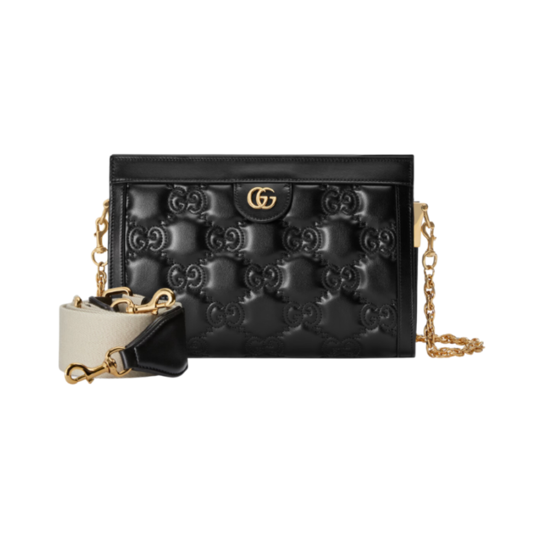 Dimensioni:● Larghezza: 24 cm● Altezza: 14 cm● Profondità: 5,5 cm Dettagli:● Materiale: Pelle matelassé con motivo GG trapuntato● Colore: Nero●
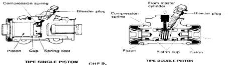 piston, piston cup, compression spring dan lain lain, lihat gambar di bawah. Pada setiap roda biasanya nmenggunakan satu atau dua buah silinder roda, tergantung pada tipe rem tromol yang digunakan. Berikut ini gambar dari wheel cylinder dengan satu piston dan dua piston.
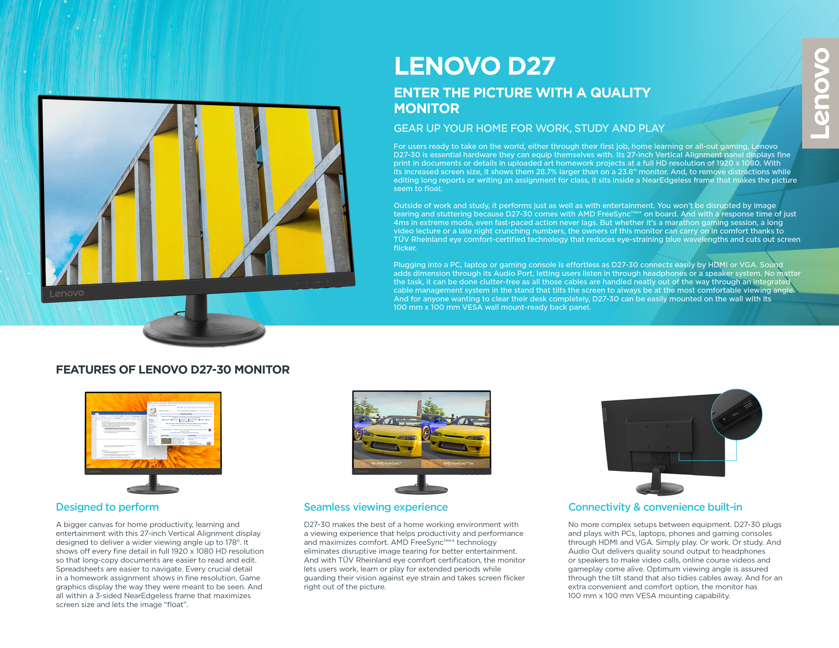 [BEST SELLER] Lenovo D27-30 27 Inch FHD 1920x1080 Monitor (66B8KAC6MY) 250nits | 72% NTSC 82 dpi | 4ms Response Rate | HDMI VGA Multiple Input | HDMI Cable Incl | 3Y Warranty
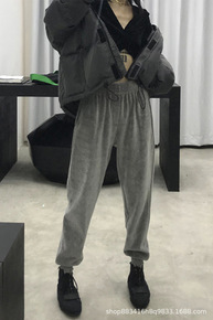2021秋冬季运动裤女韩版高腰金丝绒小脚休闲裤宽松...

= = = = = = =

Write the material out again exactly as it appears, dropping the pictures.

 Dimensioni:● Larghezza: 24 cm● Altezza: 14 cm● Profondità: 5,5 cm Dettagli:● Materiale: Pelle matelassé con motivo GG trapuntato● Colore: Nero●
 piston, piston cup, compression spring dan lain lain, lihat gambar di bawah. Pada setiap roda biasanya nmenggunakan satu atau dua buah silinder roda, tergantung pada tipe rem tromol yang digunakan. Berikut ini gambar dari wheel cylinder dengan satu piston dan dua piston.
 [BEST SELLER] Lenovo D27-30 27 Inch FHD 1920x1080 Monitor (66B8KAC6MY) 250nits | 72% NTSC 82 dpi | 4ms Response Rate | HDMI VGA Multiple Input | HDMI Cable Incl | 3Y Warranty
2021秋冬季运动裤女韩版高腰金丝绒小脚休闲裤宽松...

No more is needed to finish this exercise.